Aposentadoria por idade já está consolidada

Desde 2023, está plenamente em vigor a regra da aposentadoria por idade. Para os homens, a idade mínima permanece fixada em 65 anos. Para as mulheres, a transição foi concluída, e a idade mínima passou a ser de 62 anos.

Para ambos os sexos, o tempo mínimo de contribuição exigido é de 15 anos. A reforma estabeleceu o aumento gradual da idade feminina entre 2020 e 2023, encerrando esse processo no ano passado.

Simulações ajudam a planejar a aposentadoria

O Instituto Nacional do Seguro Social disponibiliza ferramentas de simulação tanto no computador quanto no celular. Pelo site ou aplicativo Meu INSS, o segurado pode consultar idade, tempo de contribuição, regras aplicáveis e o tempo restante para se aposentar.

Além disso, o sistema permite corrigir dados, quando necessário, e gerar um arquivo em PDF com todas as informações da simulação, o que facilita o planejamento previdenciário.
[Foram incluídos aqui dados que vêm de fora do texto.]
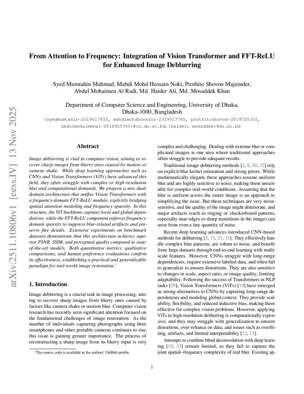 Image deblurring is vital in computer vision, aiming to recover sharp images from blurry ones caused by motion or camera shake. While deep learning approaches such as CNNs and Vision Transformers (ViTs) have advanced this field, they often struggle with complex or high-resolution blur and computational demands. We propose a new dual-domain architecture that unifies Vision Transformers with a frequency-domain FFT-ReLU module, explicitly bridging spatial attention modeling and frequency sparsity. In this structure, the ViT backbone captures local and global dependencies, while the FFT-ReLU component enforces frequency-domain sparsity to suppress blur-related artifacts and preserve fine details. Extensive experiments on benchmark datasets demonstrate that this architecture achieves superior PSNR, SSIM, and perceptual quality compared to state-of-the-art models. Both quantitative metrics, qualitative comparisons, and human preference evaluations confirm its effectiveness, establishing a practical and generalizable paradigm for real-world image restoration.

Algumas regras de transição previstas na reforma da Previdência já foram totalmente cumpridas. É o caso do pedágio de 100%, tanto no setor privado quanto no serviço público, que beneficiou apenas quem já reunia os requisitos logo após a promulgação da reforma.

O mesmo ocorre com o pedágio de 50%, voltado a trabalhadores que estavam a até dois anos da aposentadoria em 2019. Essa regra foi encerrada em 2022 e não se aplica mais a novos segurados em 2026.

Diante das mudanças contínuas, especialistas recomendam que os segurados acompanhem de perto as regras em vigor e utilizem as ferramentas de simulação para evitar surpresas ao solicitar a aposentadoria.